Stored data entries
—————

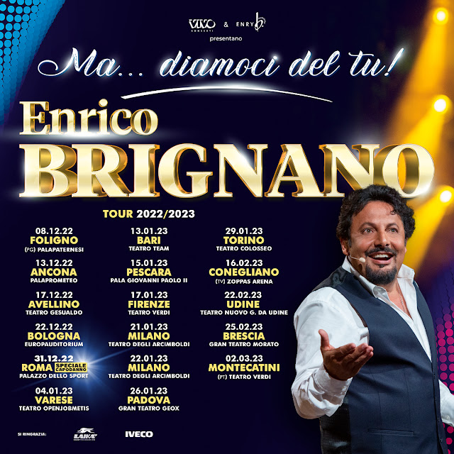 Dopo il grande successo del tour estivo in tutta Italia e dell'annuncio della speciale data di Capodanno, Enrico Brignano annuncia il tour invernale di “MA… DIAMOCI DEL TU!” , prodotto e organizzato da Vivo Concerti e in partenza giovedì 8 dicembre.
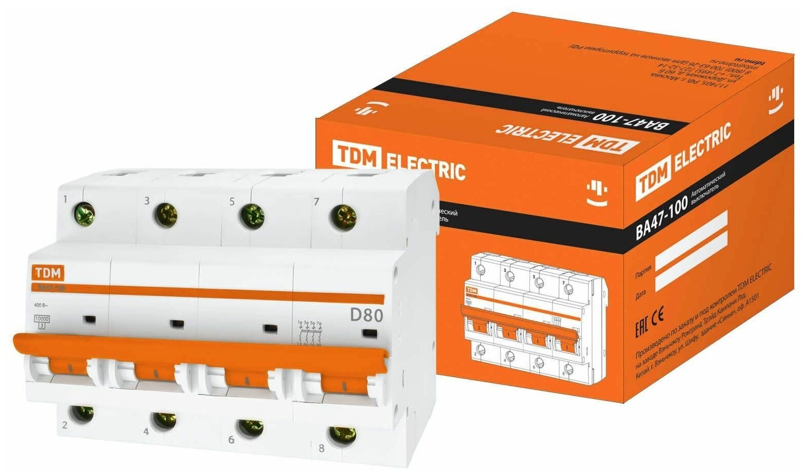 Купить Автоматический выключатель ВА47-100 4Р 80А 10кА х-ка D TDM (1 шт.)
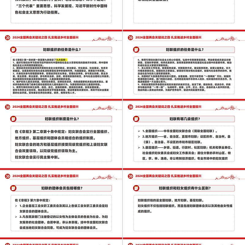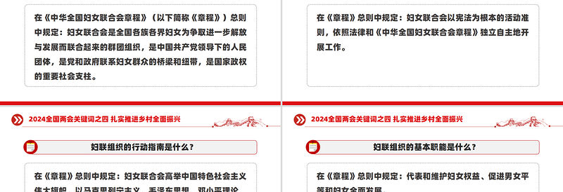 婦聯組織的性質是什么?在《中華全國婦女聯合會章程》(以下簡稱《章程》)總則中規定:婦女聯合會是全國各族各界婦女為爭取進一步解放與發展而聯合起來的群團組織,是中國共產黨領導下的人民團體,是黨和政府聯系婦女群眾的橋梁和紐帶,是國家政權的重要社會支柱。2024全國兩會關鍵詞之四 扎實推進鄉村全面振興
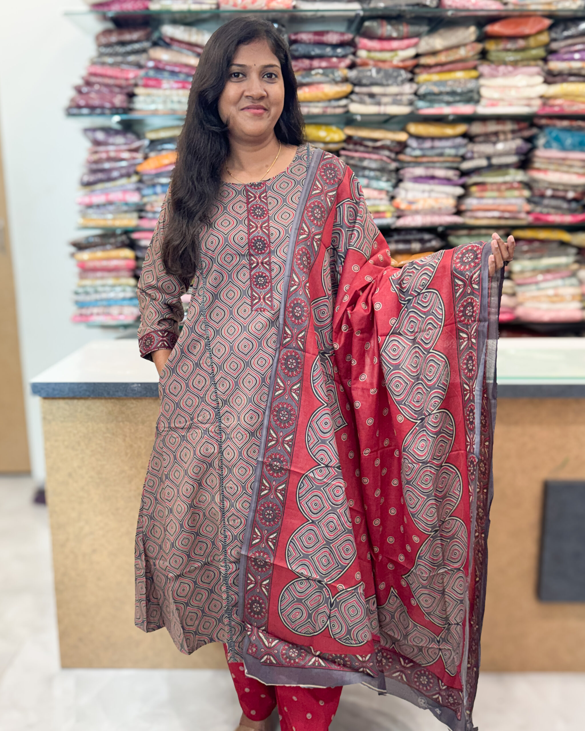 This salwar suit with dupatta comes with elastic pants designed for ease of movement and all-day comfort. The adjustable knot waist ensures a better fit, while the partial pocket adds practical convenience. A matching cotton printed dupatta completes the ensemble, bringing balance and traditional appeal to the overall look. Made from breathable cotton fabric, this outfit is ideal for office wear, shopping trips, casual outings, and daily wear. Stylish, lightweight, and versatile, this salwar suit with dupatta is a must-have addition to your wardrobe.
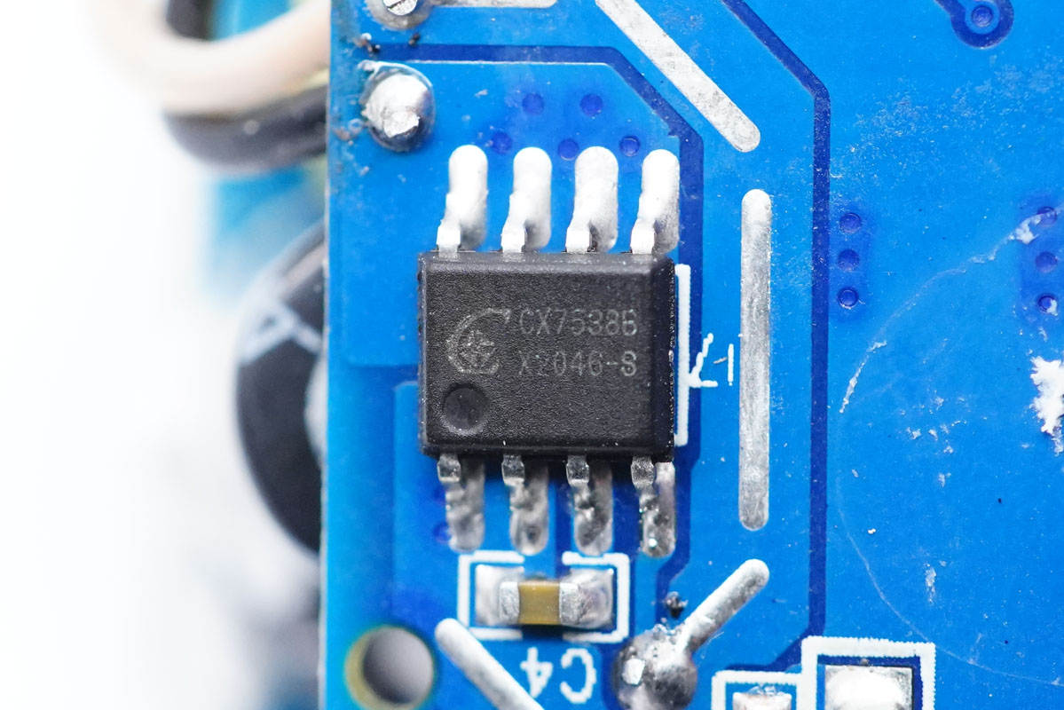 次级同步整流芯片同样来自诚芯微,型号CX7538B。这是一颗高性能的开关电源次级侧同步整流器芯片,在开关电源中轻松满足6级能效,是肖特基的理想替换方案。CX7538B支持最高150KHz开关频率,内置11mΩ低导阻NMOS管,发热远低于肖特基二极管,大幅度降低温度,提高转换效率。

—————

[What needs to be done]
Provide an exact copy of only the lines from the beginning of the entries through the line containing "This salwar suit with dupatta comes", both ends included, with no pictures.

[Output of the task]
 Dopo il grande successo del tour estivo in tutta Italia e dell'annuncio della speciale data di Capodanno, Enrico Brignano annuncia il tour invernale di “MA… DIAMOCI DEL TU!” , prodotto e organizzato da Vivo Concerti e in partenza giovedì 8 dicembre.
 Купить Автоматический выключатель ВА47-100 4Р 80А 10кА х-ка D TDM (1 шт.)
 婦聯組織的性質是什么?在《中華全國婦女聯合會章程》(以下簡稱《章程》)總則中規定:婦女聯合會是全國各族各界婦女為爭取進一步解放與發展而聯合起來的群團組織,是中國共產黨領導下的人民團體,是黨和政府聯系婦女群眾的橋梁和紐帶,是國家政權的重要社會支柱。2024全國兩會關鍵詞之四 扎實推進鄉村全面振興
 This salwar suit with dupatta comes with elastic pants designed for ease of movement and all-day comfort. The adjustable knot waist ensures a better fit, while the partial pocket adds practical convenience. A matching cotton printed dupatta completes the ensemble, bringing balance and traditional appeal to the overall look. Made from breathable cotton fabric, this outfit is ideal for office wear, shopping trips, casual outings, and daily wear. Stylish, lightweight, and versatile, this salwar suit with dupatta is a must-have addition to your wardrobe.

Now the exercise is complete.